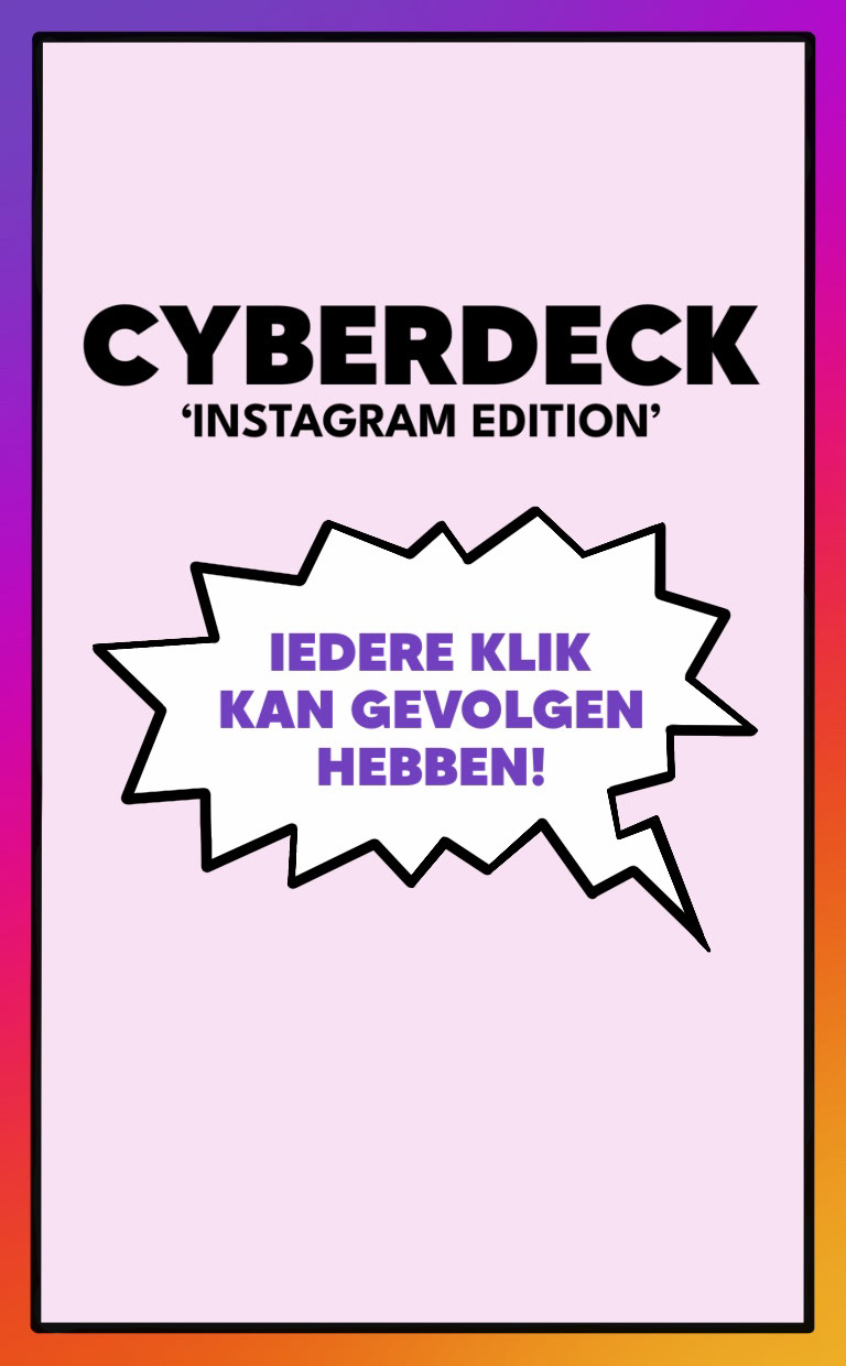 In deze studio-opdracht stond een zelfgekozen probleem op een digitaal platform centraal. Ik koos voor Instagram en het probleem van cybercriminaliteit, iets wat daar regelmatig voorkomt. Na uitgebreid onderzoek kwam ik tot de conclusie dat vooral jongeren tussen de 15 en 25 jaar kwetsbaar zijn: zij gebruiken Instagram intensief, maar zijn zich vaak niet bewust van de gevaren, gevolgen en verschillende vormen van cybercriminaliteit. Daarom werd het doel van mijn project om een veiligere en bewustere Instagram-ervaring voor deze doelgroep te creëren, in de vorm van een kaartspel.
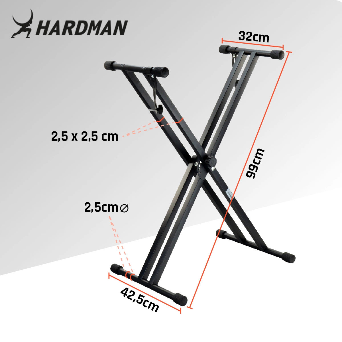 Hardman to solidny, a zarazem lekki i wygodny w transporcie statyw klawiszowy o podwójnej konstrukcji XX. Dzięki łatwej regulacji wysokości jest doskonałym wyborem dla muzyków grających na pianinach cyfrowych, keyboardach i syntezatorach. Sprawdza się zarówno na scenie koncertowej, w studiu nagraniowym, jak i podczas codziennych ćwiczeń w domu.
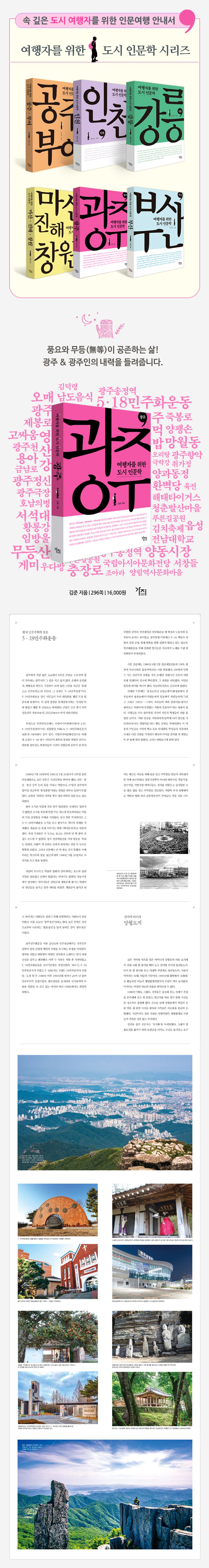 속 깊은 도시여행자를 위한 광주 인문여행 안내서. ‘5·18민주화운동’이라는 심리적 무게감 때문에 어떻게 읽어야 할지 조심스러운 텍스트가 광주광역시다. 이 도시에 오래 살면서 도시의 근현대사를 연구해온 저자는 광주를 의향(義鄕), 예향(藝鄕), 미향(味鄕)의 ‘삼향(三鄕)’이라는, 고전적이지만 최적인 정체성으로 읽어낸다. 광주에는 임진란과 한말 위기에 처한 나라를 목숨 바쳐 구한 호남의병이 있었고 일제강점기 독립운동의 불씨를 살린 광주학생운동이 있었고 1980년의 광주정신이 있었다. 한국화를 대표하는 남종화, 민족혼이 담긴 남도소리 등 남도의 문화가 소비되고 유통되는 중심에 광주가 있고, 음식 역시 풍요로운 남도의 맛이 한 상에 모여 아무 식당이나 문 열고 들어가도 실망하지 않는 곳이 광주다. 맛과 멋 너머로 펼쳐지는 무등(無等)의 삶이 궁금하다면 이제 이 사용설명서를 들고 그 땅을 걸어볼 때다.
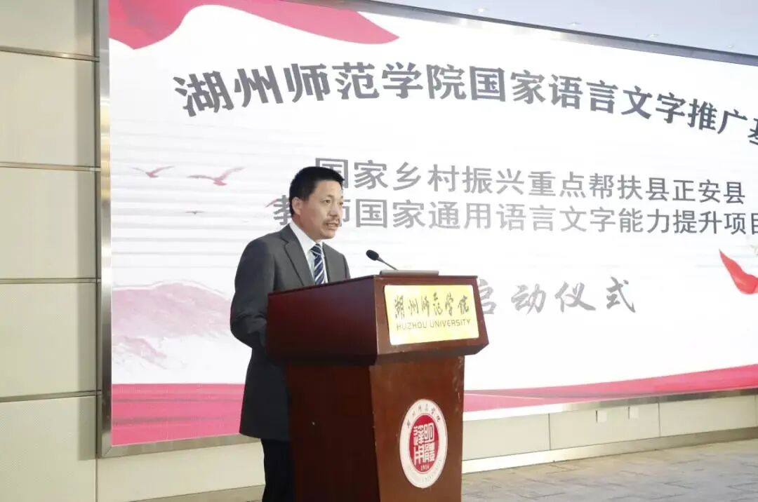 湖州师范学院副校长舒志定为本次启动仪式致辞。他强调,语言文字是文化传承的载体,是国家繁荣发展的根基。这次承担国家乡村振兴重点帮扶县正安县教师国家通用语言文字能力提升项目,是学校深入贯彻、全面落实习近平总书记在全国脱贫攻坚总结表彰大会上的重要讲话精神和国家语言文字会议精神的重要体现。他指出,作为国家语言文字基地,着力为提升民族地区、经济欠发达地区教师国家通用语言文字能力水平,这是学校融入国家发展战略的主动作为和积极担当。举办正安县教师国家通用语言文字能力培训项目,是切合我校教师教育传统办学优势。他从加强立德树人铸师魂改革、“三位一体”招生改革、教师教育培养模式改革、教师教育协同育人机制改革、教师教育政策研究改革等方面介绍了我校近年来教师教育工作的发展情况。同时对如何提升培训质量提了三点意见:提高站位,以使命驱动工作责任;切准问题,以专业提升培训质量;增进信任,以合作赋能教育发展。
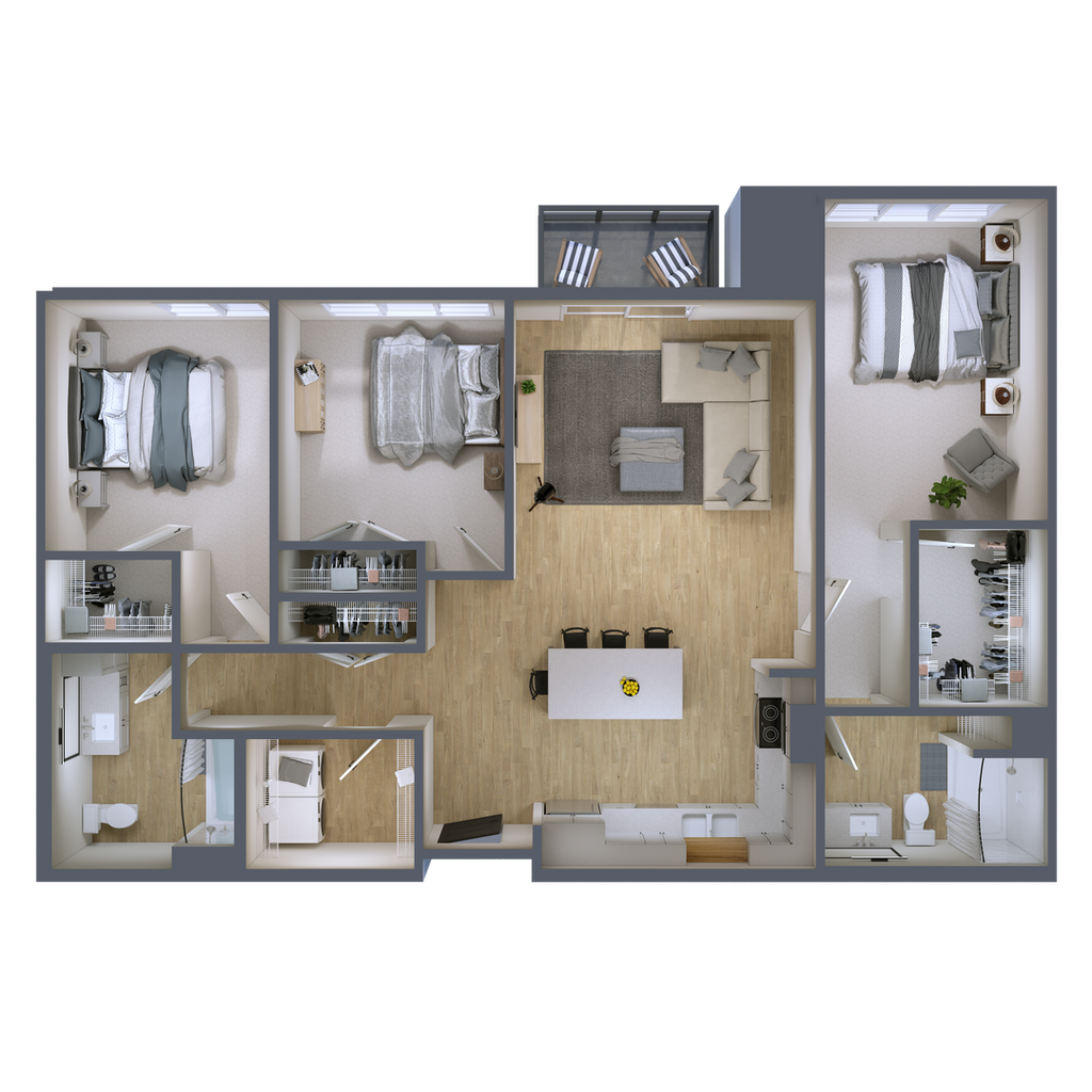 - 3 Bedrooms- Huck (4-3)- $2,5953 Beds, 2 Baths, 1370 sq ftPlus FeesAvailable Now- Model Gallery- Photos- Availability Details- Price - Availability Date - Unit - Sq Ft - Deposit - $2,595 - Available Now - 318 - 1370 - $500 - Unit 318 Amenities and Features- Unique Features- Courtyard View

####################

• _Task instructions_
Return every entry of the data above verbatim, with no images included.

• _Output for this exercise_
 In deze studio-opdracht stond een zelfgekozen probleem op een digitaal platform centraal. Ik koos voor Instagram en het probleem van cybercriminaliteit, iets wat daar regelmatig voorkomt. Na uitgebreid onderzoek kwam ik tot de conclusie dat vooral jongeren tussen de 15 en 25 jaar kwetsbaar zijn: zij gebruiken Instagram intensief, maar zijn zich vaak niet bewust van de gevaren, gevolgen en verschillende vormen van cybercriminaliteit. Daarom werd het doel van mijn project om een veiligere en bewustere Instagram-ervaring voor deze doelgroep te creëren, in de vorm van een kaartspel.
 Hardman to solidny, a zarazem lekki i wygodny w transporcie statyw klawiszowy o podwójnej konstrukcji XX. Dzięki łatwej regulacji wysokości jest doskonałym wyborem dla muzyków grających na pianinach cyfrowych, keyboardach i syntezatorach. Sprawdza się zarówno na scenie koncertowej, w studiu nagraniowym, jak i podczas codziennych ćwiczeń w domu.
 속 깊은 도시여행자를 위한 광주 인문여행 안내서. ‘5·18민주화운동’이라는 심리적 무게감 때문에 어떻게 읽어야 할지 조심스러운 텍스트가 광주광역시다. 이 도시에 오래 살면서 도시의 근현대사를 연구해온 저자는 광주를 의향(義鄕), 예향(藝鄕), 미향(味鄕)의 ‘삼향(三鄕)’이라는, 고전적이지만 최적인 정체성으로 읽어낸다. 광주에는 임진란과 한말 위기에 처한 나라를 목숨 바쳐 구한 호남의병이 있었고 일제강점기 독립운동의 불씨를 살린 광주학생운동이 있었고 1980년의 광주정신이 있었다. 한국화를 대표하는 남종화, 민족혼이 담긴 남도소리 등 남도의 문화가 소비되고 유통되는 중심에 광주가 있고, 음식 역시 풍요로운 남도의 맛이 한 상에 모여 아무 식당이나 문 열고 들어가도 실망하지 않는 곳이 광주다. 맛과 멋 너머로 펼쳐지는 무등(無等)의 삶이 궁금하다면 이제 이 사용설명서를 들고 그 땅을 걸어볼 때다.
 湖州师范学院副校长舒志定为本次启动仪式致辞。他强调,语言文字是文化传承的载体,是国家繁荣发展的根基。这次承担国家乡村振兴重点帮扶县正安县教师国家通用语言文字能力提升项目,是学校深入贯彻、全面落实习近平总书记在全国脱贫攻坚总结表彰大会上的重要讲话精神和国家语言文字会议精神的重要体现。他指出,作为国家语言文字基地,着力为提升民族地区、经济欠发达地区教师国家通用语言文字能力水平,这是学校融入国家发展战略的主动作为和积极担当。举办正安县教师国家通用语言文字能力培训项目,是切合我校教师教育传统办学优势。他从加强立德树人铸师魂改革、“三位一体”招生改革、教师教育培养模式改革、教师教育协同育人机制改革、教师教育政策研究改革等方面介绍了我校近年来教师教育工作的发展情况。同时对如何提升培训质量提了三点意见:提高站位,以使命驱动工作责任;切准问题,以专业提升培训质量;增进信任,以合作赋能教育发展。
 - 3 Bedrooms- Huck (4-3)- $2,5953 Beds, 2 Baths, 1370 sq ftPlus FeesAvailable Now- Model Gallery- Photos- Availability Details- Price - Availability Date - Unit - Sq Ft - Deposit - $2,595 - Available Now - 318 - 1370 - $500 - Unit 318 Amenities and Features- Unique Features- Courtyard View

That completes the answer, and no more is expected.